■ What the task requires
Transcribe the records exactly from the line with "Macrobotrys Wisteria flowers" to the end, both included.

■ Excerpted data

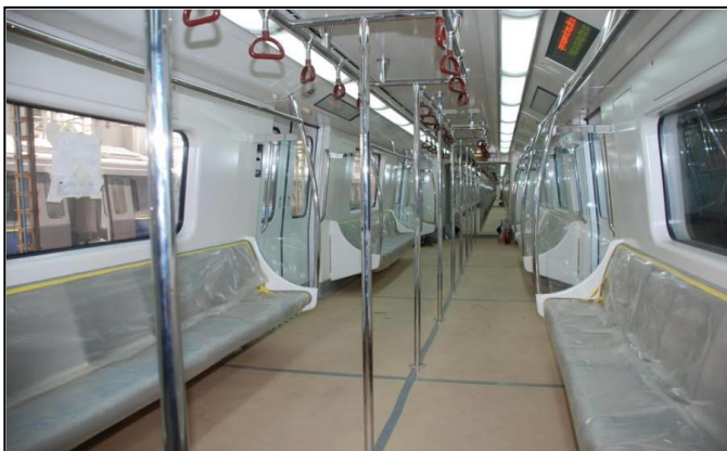
INTERIOR OF METRO TRAIN
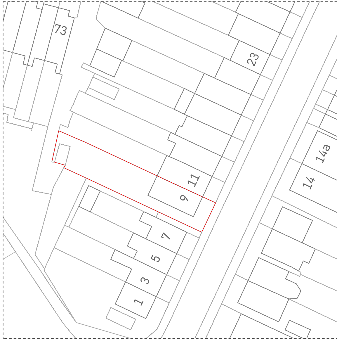
1 Block Plan Scale: 1:500
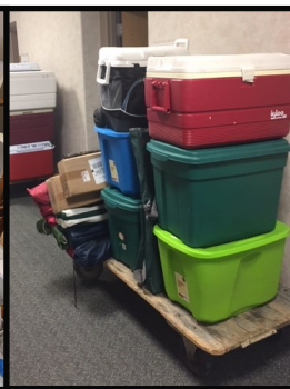
Golf Course items ready for U-Haul
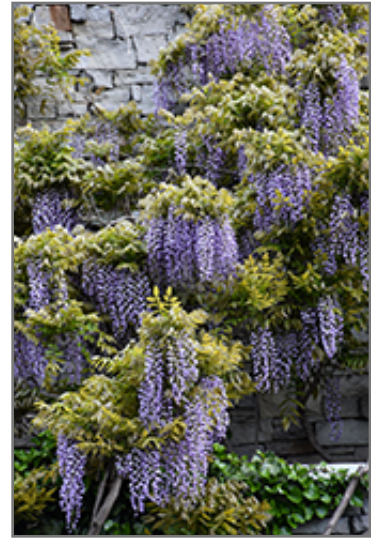
Macrobotrys Wisteria flowers

This plant is not reliably hardy in our region, and certain restrictions may apply; contact the store for more information.

■ Finished exercise
Macrobotrys Wisteria flowers

This plant is not reliably hardy in our region, and certain restrictions may apply; contact the store for more information.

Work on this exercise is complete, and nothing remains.